The 2006 Australian Census indicated that the most commonly spoken languages in Australia are English, Italian, Greek, Cantonese, Arabic, Mandarin and Vietnamese. In the schools where I research, usually low socio-economic communities, these broad population and linguistic trends are evident in most classrooms, especially in the western and northern suburbs of Adelaide, where cheaper housing attracts a range of families, including long-term residents and people who have recently arrived in South Australia.

That place affects educational outcomes is a widespread phenomenon internationally as poverty impacts on schools and families (Lipman, 2004; Thrupp & Lupton, 2006). As a literacy educator, my interest is in the ways in which some teachers capitalise on the rich linguistic and cultural resources of their neighbourhood communities and design culturally responsive curriculums (Lee, 2008; McNaughton, 2011; Hall & Thomson, 2010) and critical pedagogies (Janks, 2010) that assist children to assemble complex meaning-making repertoires.

Making space for inclusive pedagogy and an enabling literacy curriculum is urgent in the face of sustained population change, shifts in the teacher workforce, transformations in communications technologies and practices, and the heightened prioritisation of standardised literacy assessment of school students’ literacy and numeracy. In terms of the latter, the Organisation for Economic Co-operation and Development’s (OECD) Programme for International Student Assessment (PISA) reports are now ranking participating nations in terms of 15 year-old students’ reading and mathematics, amongst other domains.

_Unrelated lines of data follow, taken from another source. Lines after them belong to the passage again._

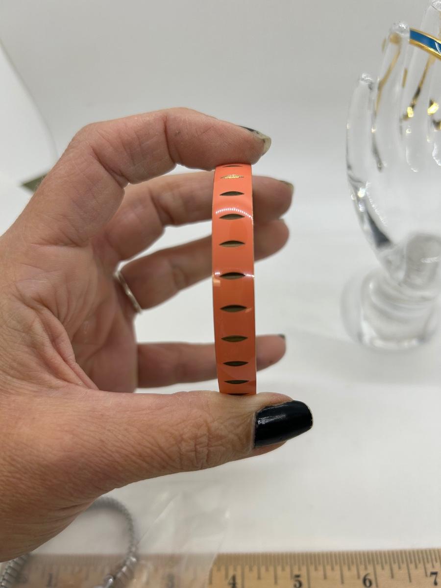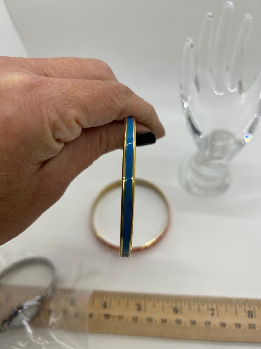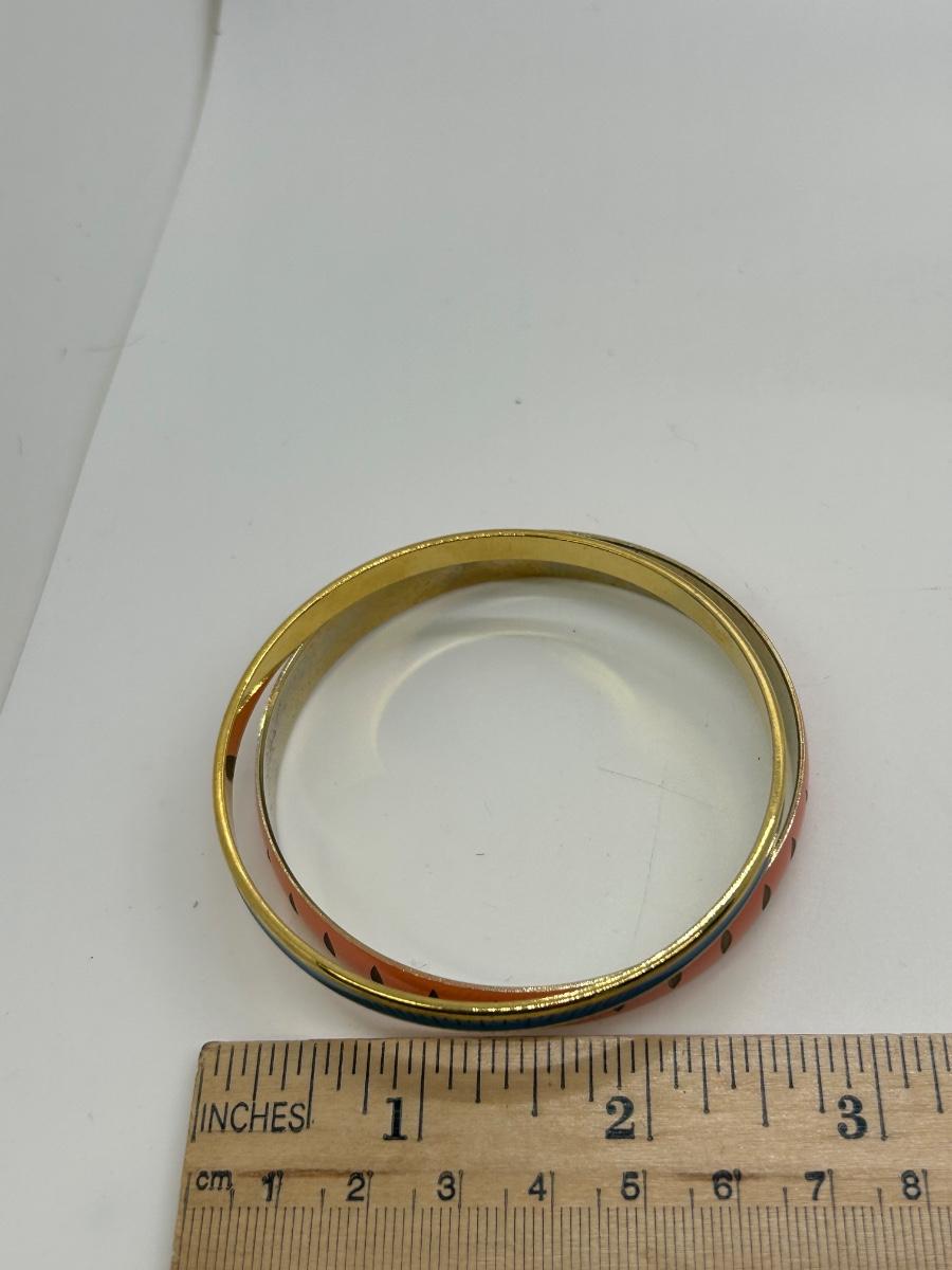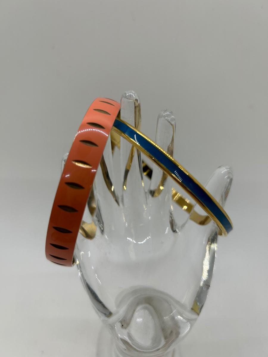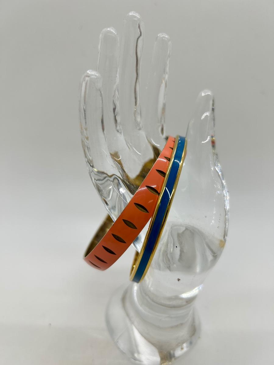 Pair of Retro Metal and Colorful Enamel Fashion Bangle Bracelets Coral and Blue. In good condition.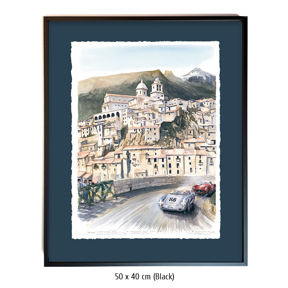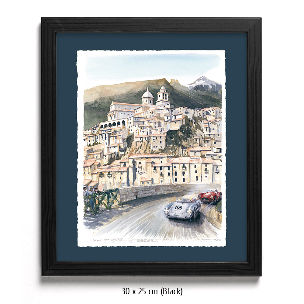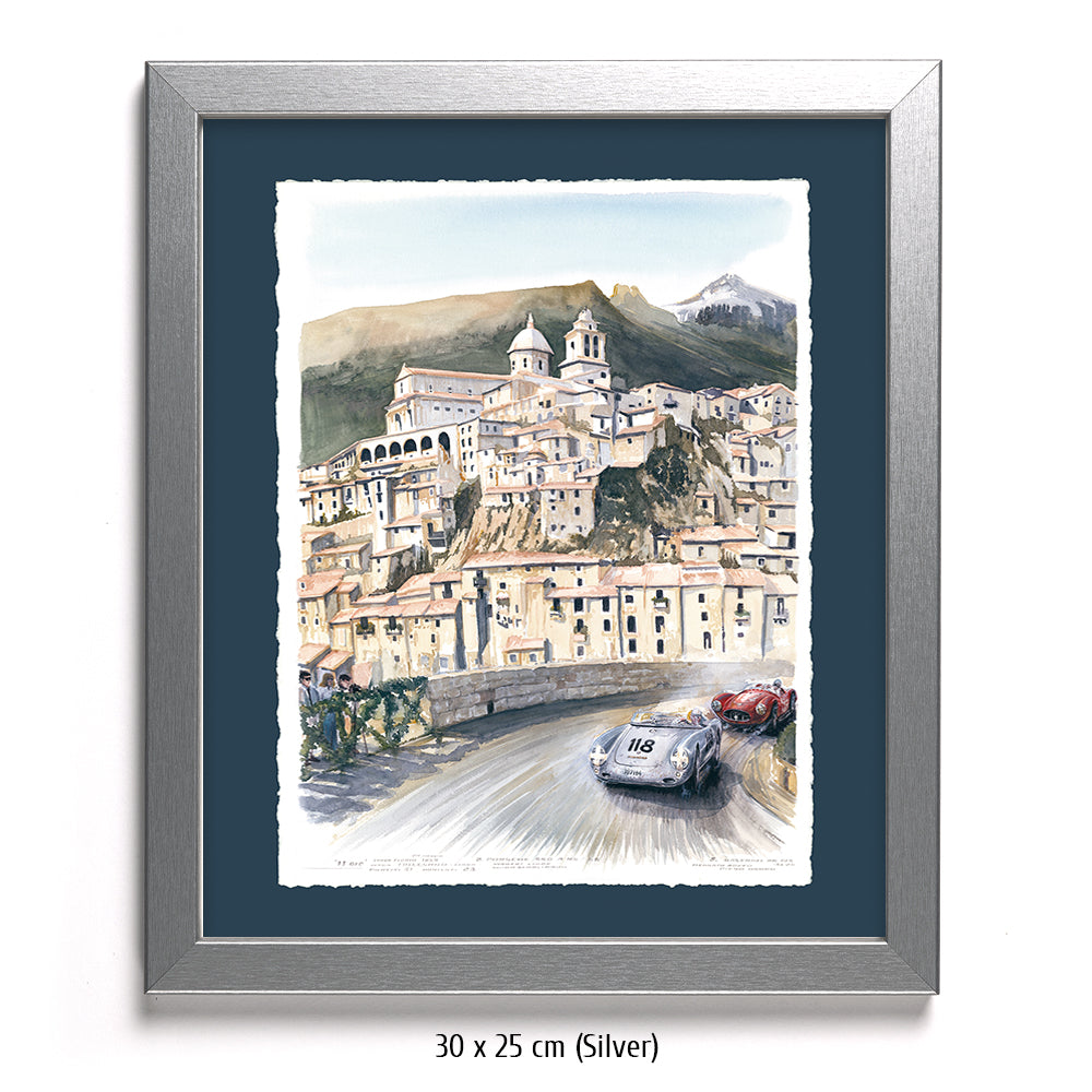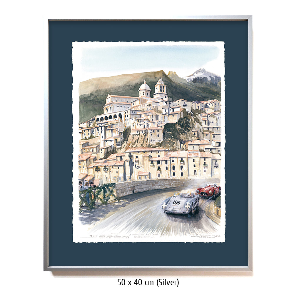 Herbert Linge und Guido Scagliarini fahren am 24. Mai 1959 mit ihrem Porsche 550 während der Targa Florio durch das Bergdorf Collesano. Mehr als 11 Stunden am Steuer, unter der mediterranen Sonne, über holprige Straßen, können sie den gewonnenen Überlebenskampf für Mensch und Maschine mit dem zweiten Gesamtplatz feiern. Die vier favorisierten Ferrari Testa Rossa fielen über den Renntag einer nach dem anderen dem mörderischen Test der Automobiltechnik zum Opfer. Graf Berghe von Trips und Joakim Bonnier schieden mit ihrem Porsche RSK aus. Auch die Fahrerpaarung Umberto Maglioli – Hans Herrmann musste ihren RSK 718 frühzeitig abstellen. Edgar Barth und Wolfgang Seidel gewannen die Targa Florio 1959 mit einem Schnitt von 91,309 km/h und knapp zwanzig Minuten vor Linge/Scaglarini. Zwei Porsche 356 A Carrera mit ihren 1,6 Liter Motoren folgten - mit Hanstein/Pucci auf dem dritten Platz und Strähle/Mahle auf dem vierten. Der als Fahrzeugdesigner bekannte Piero Drogo erreichte mit Beifahrer Mennato Boffa auf dem Maserati A6 GCS-53 nach 11 Stunden und 41 min das Ziel auf Platz fünf.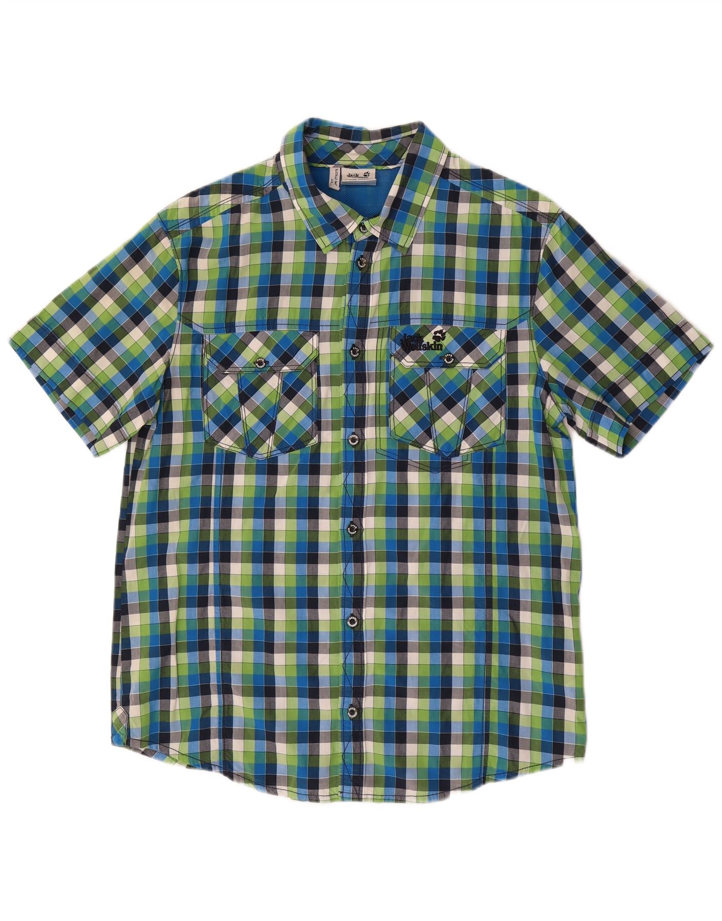 JACK WOLFSKIN Camisa de manga corta para hombre UK 40/42 Large Blue Check Cotton

Not surprisingly, these public international comparisons have coincided with federal and state governments giving increasing weight to standardised measurements of literacy performance throughout the compulsory years of schooling, with a subsequent repositioning of teachers within a global education industry (Codd, 2005; Lingard, 2010; Locke, 2004). In Australia, educational sectors are now grappling with the demands of the National Assessment Program – Literacy and Numeracy (NAPLAN), the MySchool website and the introduction of the Australian Curriculum.

The paradox here is the desire to standardise and contain what is an increasingly shifting environment, characterised by mobility, diversity and ever-changing communication spheres (Comber, in press a; Lingard, 2010). The neo-liberal rationale for the preoccupation with competitive measurable standards as insurance for Australia’s prosperity in the global knowledge economy is understandable in the context of the financial crisis, yet its effects need continual scrutiny.

Before turning to my main theme of the risks and possibilities inherent in this environment, I briefly summarise my theoretical stance in approaching these problems. Broadly speaking, my research is informed by the New Literacy Studies (Barton & Hamilton, 1998; Barton, Hamilton, & Ivanic, 2000; Street, 1984, 1993, 2003), the New London Group’s theorisation of multiliteracies (1996) and several decades of work on critical literacy (Comber, 2001; Freire, 1972a, 1972b; Janks, 2010; Luke, 2000).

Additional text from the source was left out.